Mijn twee favorieten van 2021 las ik onder omstandigheden die ik nooit zal vergeten, niet in de laatste plaats omdat ze zich perfect leken te vormen naar de boeken in kwestie. Het eerste, Beer, van de Canadese Marian Engel, stamt uit 1976, maar verscheen dit jaar voor het eerst in een Nederlandse vertaling (door Barbara de Lange) bij uitgeverij Koppernik, die niet alleen mooie boeken uitgeeft maar ze ook móói uitgeeft. Ik las het toen ik, hoogzwanger, een paar dagen de stad uit was gevlucht om alleen te zijn. Ook Lou, werkzaam voor een historisch instituut, vertrekt, naar een afgelegen eiland in Noord-Ontario dat, inclusief landhuis en mogelijk waardevolle bibliotheek, is nagelaten aan het instituut. Een zomer lang moet ze de boel inventariseren.
Bij het landgoed hoort, wonderlijk genoeg, ook een beer. Niet alleen de familiegeschiedenis van de eilandbewoners wordt een obsessie, maar ook de beer. Ze wordt verliefd op hem, laat zich likken door zijn grote tong, vrijt, slaapt en zwemt met hem, houdt van hem zoals ze nooit van iemand heeft gehouden. Het klinkt potsierlijk, maar het was een van de meest ontroerende liefdesgeschiedenissen die ik ooit las – met een vrouw die er eens niet aan ten onder gaat, maar triomfeert.

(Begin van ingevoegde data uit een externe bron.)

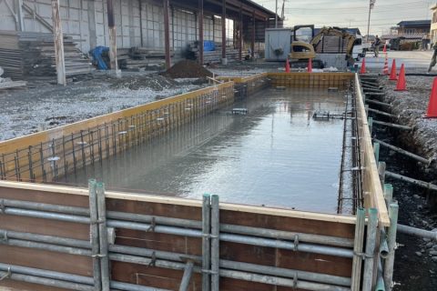 筑西市、工場敷地内にて台貫基礎工事のベース打設が完了しました。
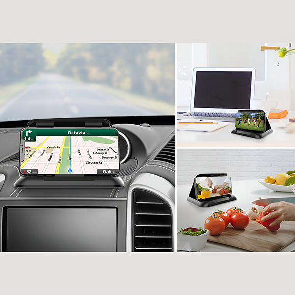 Obțineți cel mai bun unghi de vizualizare cu acest suport cu înclinare de 120°, asigurându-vă că puteți vedea clar ecranul telefonului pentru a conduce în siguranță. Când nu este utilizat, se pliază plat și se potrivește ușor în cotieră, torpedou sau buzunarul ușii.
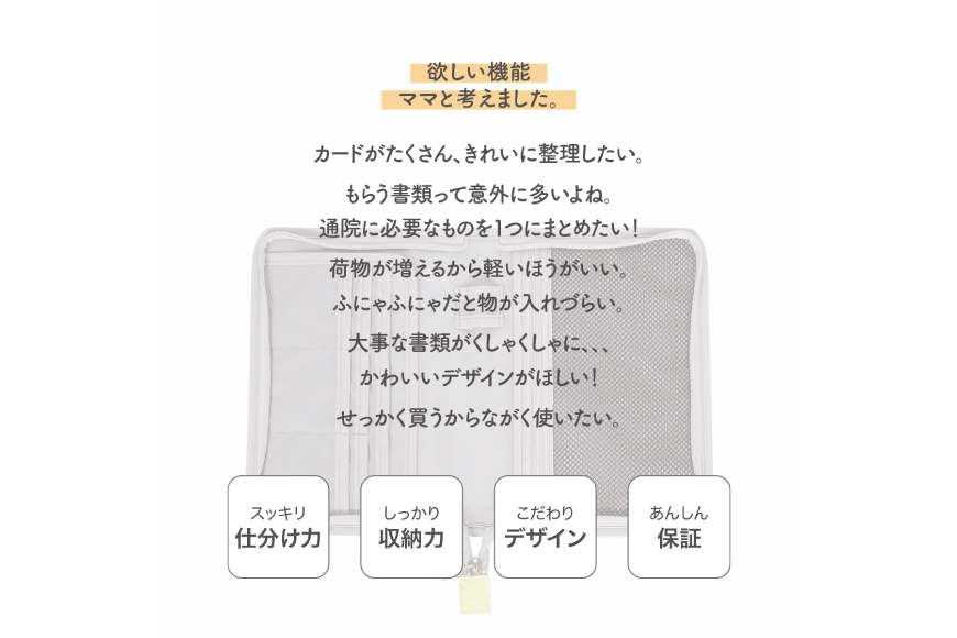 マルチケース(ファスナータイプ)は、母子手帳ケース、お薬手帳ケース、通帳ケース、年金手帳ケース、パスポートケース、カードケース、書類ケース、バッグなど様々な用途でお使いいただけます。

Dan de nieuwe Rachel Cusk, Second Place. Ik las het vlak na de geboorte van mijn zoon, toen de dagen en nachten niet van elkaar te onderscheiden waren. Het boek ging daar perfect in mee. Wat begint als een tamelijk cerebrale vertelling over een schrijfster die een kunstenaar uitnodigt op haar moerassige landgoed, ontaardt in een duivels, drassig verhaal over macht, wreedheid en het uiteenvallen van het zelf. De manier waarop Cusk alles laat ontsporen is een geweldig, griezelig leesgenot, zeker als je om vijf uur ’s ochtends na een slapeloze nacht ook niet meer precies weet wie je bent.